P188 suppresses G93ASOD1 membrane toxicity. (A, upper) Chemical structure of tri-block copolymer P188. (A, lower) P188 molecules visualized directly using HRF-AFM. (Left image) Micelles each show a compacted hydrophobic core of ~20 nm in diameter (white spots) with a surrounding hydrophilic corona with a halo of ~5 nm (orange circles, left image). (Right image) Close inspection of a smaller area scan reveals a sub-monolayer coating of lumpy 10 nm aggregates, some assembled into higher ordered 10 nm wide twisted worm-like structures (right image) situated between the ~20 nm particles seen in A. P188 was adsorbed from a solution of 1 mM P188 in water and then scanned at RT. Full scale z-axis, 10 nm. (B) Binding assays as measured by HRF-AFM. Solutions of G93ASOD1 were incubated against each of 5 planar lipid bilayers composed of differing head groups.
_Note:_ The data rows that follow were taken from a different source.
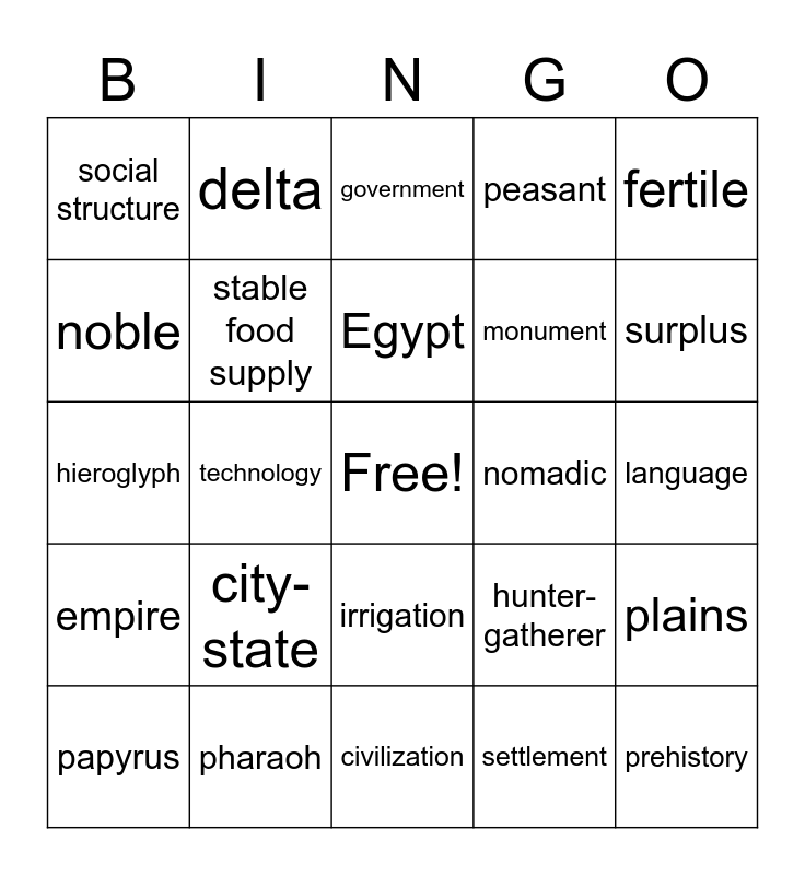 This bingo card has a free space and 31 words: civilization, art, technology, religion, social structure, government, stable food supply, hunter-gatherer, nomadic, settlement, language, prehistory, culture, Mesopotamia, surplus, scarcity, plains, city-state, empire, irrigation, fertile, levee, papyrus, delta, monument, noble, peasant, hieroglyph, pharaoh, Egypt and Kush.
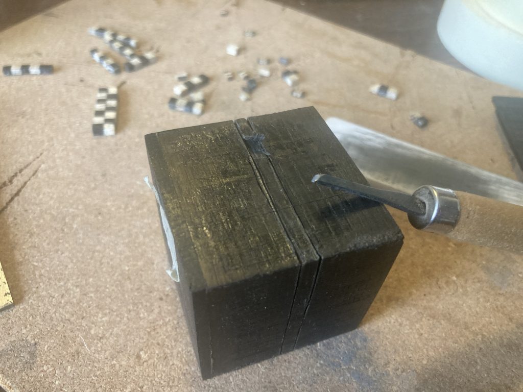 This wood – I don’t know what timber it is – is for gluing to the back of the patterned veneers. To strengthen them. And to give an appropriate thickness for box building.
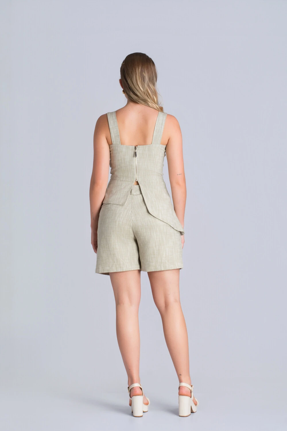 Confeccionado em tecido leve com textura sutil e caimento impecável, ele une o frescor do linho à alfaiataria contemporânea. A modelagem estruturada com alças largas e recorte geométrico no busto valoriza o colo e traz sustentação, enquanto o corte assimétrico na cintura acrescenta modernidade e um toque fashionista ao visual. A parte inferior, em formato de short com pregas delicadas, garante movimento e conforto, mantendo a silhueta alongada e harmoniosa.
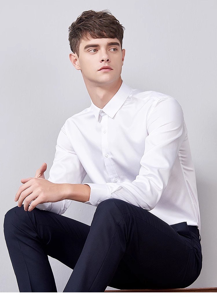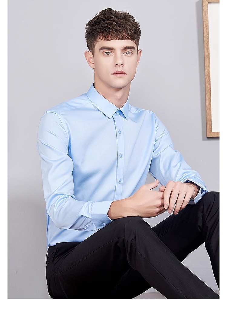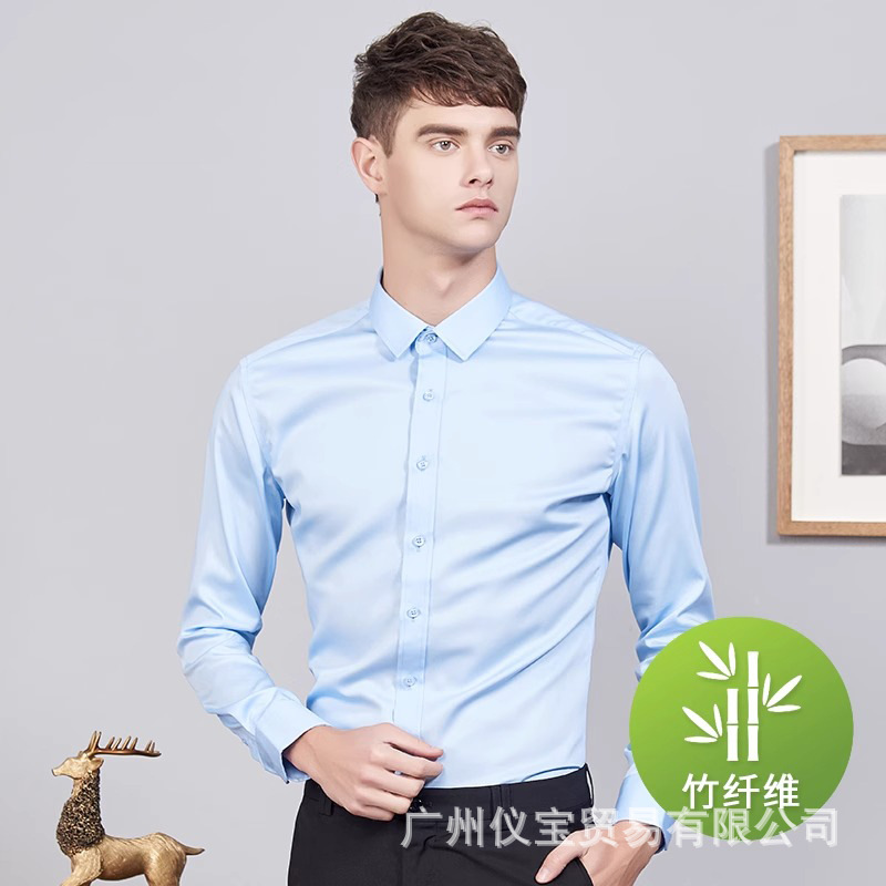 대나무 섬유 남자의 셔츠 긴 소매 가을 탄성 비즈니스 셔츠 비 다림질 인치 셔츠 탄성 원피스 작업복 전문스토어 가기

Binding of G93ASOD1 to PG is seen, but relatively little to PC, PS, PA or PE membranes. When 10 μM P188 is added to the assay, G93ASOD1 is no longer able to bind PG membrane (red square). Multiple areas across the bilayer surfaces were sampled to confirm representative binding. WTSOD1, the control Src homology 3 (SH3) domain of c-Src kinase, and avidin proteins showed little to no binding against the bilayers. (C) Single bilayer electrophysiology (SB-EP) shows that P188 suppresses PG-selective G93ASOD1 membrane toxicity. After ~10 min, G93ASOD1 reached its maximum toxicity on the PG-enriched reporting membrane (7 of 11 reporting membranes were ruptured, solid line). In contrast, membrane rupture was suppressed by a factor of ~2 (only 3 of 11 reporting membranes were ruptured, dashed line) in the presence of P188. In separate control experiments, 100% of the PG:PE reporting membranes that were stable for 2–3 min after formation maintained their stability over a total of ~20 min in buffer or P188 solution.

Figure 7

P188 suppresses A4VSOD1 membrane toxicity. (A) SB-EP recordings of highly purified A4VSOD1 consistently exhibit “toxic channel” activity (12/12 trials), while the addition of 10 μM P188 reduces this channel activity by ~80% (2/11 trials). Channel activity for hemolysin (HL) was observed in 100% of trials (9/9), and reduced to 50% (3/6) in the presence of P188. (B) By ~10 min post-addition of A4VSOD1, 100% of bilayers under test exhibit “toxic channel” activity (12/12), while only 9% of this activity (1/11) was observed in the presence of P188.

Figure 8

Plots of disease onset (A) and survival (B) of P188- vs. aCSF-treated G93ASOD1 mice.

Figure 9

Motoneuron pathology in aCSF control vs. P188-treated G93ASOD1 end-stage mice. Bar, 50 μm. Representative Nissl-stained sections of lumbar spinal cord of (A) Non-transgenic mice, (B) aCSF-treated G93ASOD1 mice, and (C) P188-treated G93ASOD1 mice. Note extensive loss of motoneurons in B relative to A and C. (D) Mean motoneuron numbers (MNs) from 4 different mice from both the aCSF and P188-treated G93A mice. Mice receiving P188 showed significantly higher numbers of motoneurons at end-stage (P < 0.001). Nissl-sections on healthy adult non-TG mice showed counts of 24 ±3 MNs/anterior horn.

Figure 10

Total lipid peroxides measured from spinal cords of non-transgenic mice (wt), a control group of aCSF-treated G93ASOD1 mice (G93A-), and P188-treated G93ASOD1 mice (G93A+).